Task:
In the data below, begin at the line with "Cute White Unicorn" and stop after the line with "在雄安生活是什么体验?202"; output those lines exactly and no pictures.

Given data:
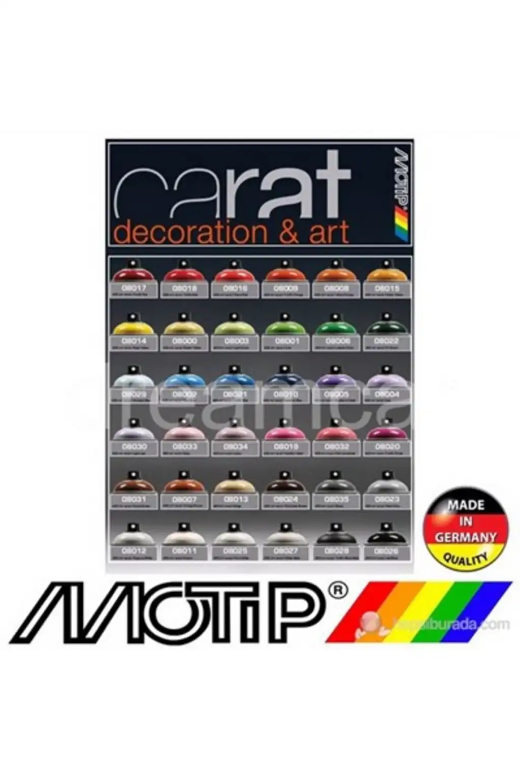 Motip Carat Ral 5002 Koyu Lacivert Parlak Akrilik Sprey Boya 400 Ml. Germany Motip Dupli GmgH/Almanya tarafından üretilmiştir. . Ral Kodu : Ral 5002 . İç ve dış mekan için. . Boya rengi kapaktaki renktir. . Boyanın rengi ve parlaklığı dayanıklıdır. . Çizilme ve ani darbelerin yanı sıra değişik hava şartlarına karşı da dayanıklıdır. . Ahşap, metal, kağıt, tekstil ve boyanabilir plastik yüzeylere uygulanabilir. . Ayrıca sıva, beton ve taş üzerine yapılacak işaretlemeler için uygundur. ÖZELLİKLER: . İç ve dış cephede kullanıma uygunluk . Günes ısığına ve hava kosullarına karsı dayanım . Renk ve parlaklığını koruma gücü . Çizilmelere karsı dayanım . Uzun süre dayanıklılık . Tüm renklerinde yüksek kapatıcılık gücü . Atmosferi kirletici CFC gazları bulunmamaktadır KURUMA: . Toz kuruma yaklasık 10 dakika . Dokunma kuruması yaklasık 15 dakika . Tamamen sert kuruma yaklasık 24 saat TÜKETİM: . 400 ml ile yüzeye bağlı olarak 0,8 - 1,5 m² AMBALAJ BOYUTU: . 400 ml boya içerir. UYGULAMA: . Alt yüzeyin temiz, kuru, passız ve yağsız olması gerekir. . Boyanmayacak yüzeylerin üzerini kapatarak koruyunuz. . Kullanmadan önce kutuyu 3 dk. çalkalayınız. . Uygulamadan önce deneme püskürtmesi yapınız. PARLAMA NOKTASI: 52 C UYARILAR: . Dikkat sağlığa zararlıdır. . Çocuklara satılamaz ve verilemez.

* * *

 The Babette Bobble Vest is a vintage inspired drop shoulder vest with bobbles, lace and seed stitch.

...

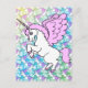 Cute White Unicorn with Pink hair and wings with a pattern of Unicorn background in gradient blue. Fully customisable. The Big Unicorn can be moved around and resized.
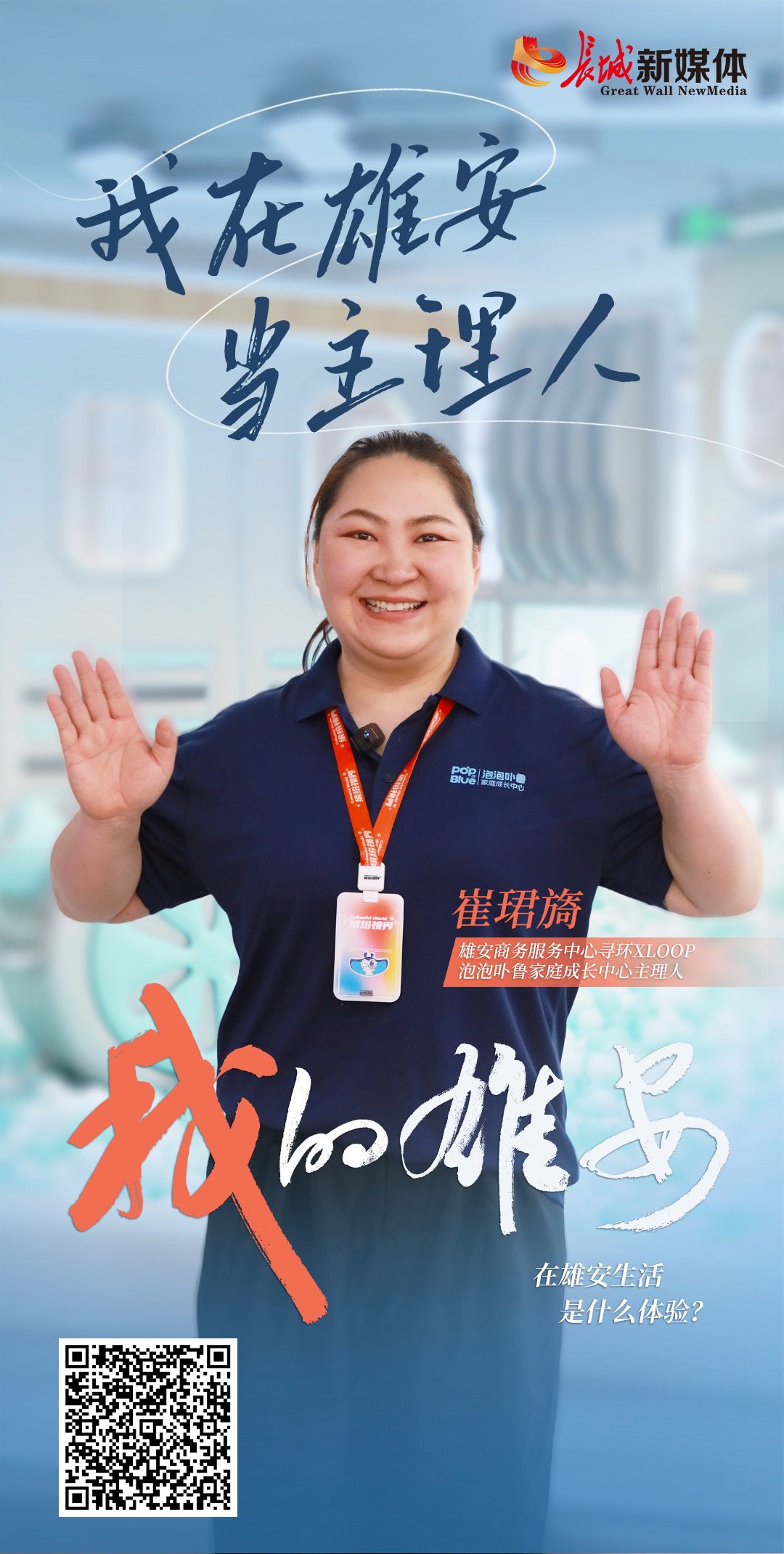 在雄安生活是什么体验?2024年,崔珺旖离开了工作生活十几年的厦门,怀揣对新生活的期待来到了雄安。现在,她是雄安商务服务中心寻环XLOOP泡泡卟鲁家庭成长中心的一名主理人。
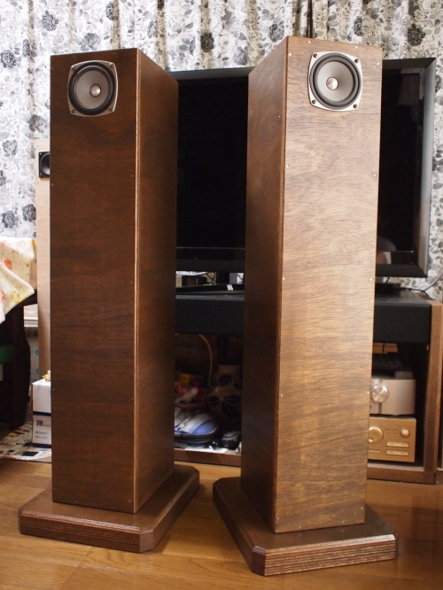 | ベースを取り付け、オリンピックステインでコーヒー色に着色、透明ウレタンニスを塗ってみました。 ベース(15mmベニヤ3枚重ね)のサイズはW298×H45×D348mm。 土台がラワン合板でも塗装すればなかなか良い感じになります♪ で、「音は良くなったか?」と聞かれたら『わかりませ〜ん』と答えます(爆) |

Solution for this task:
 Cute White Unicorn with Pink hair and wings with a pattern of Unicorn background in gradient blue. Fully customisable. The Big Unicorn can be moved around and resized.
 在雄安生活是什么体验?2024年,崔珺旖离开了工作生活十几年的厦门,怀揣对新生活的期待来到了雄安。现在,她是雄安商务服务中心寻环XLOOP泡泡卟鲁家庭成长中心的一名主理人。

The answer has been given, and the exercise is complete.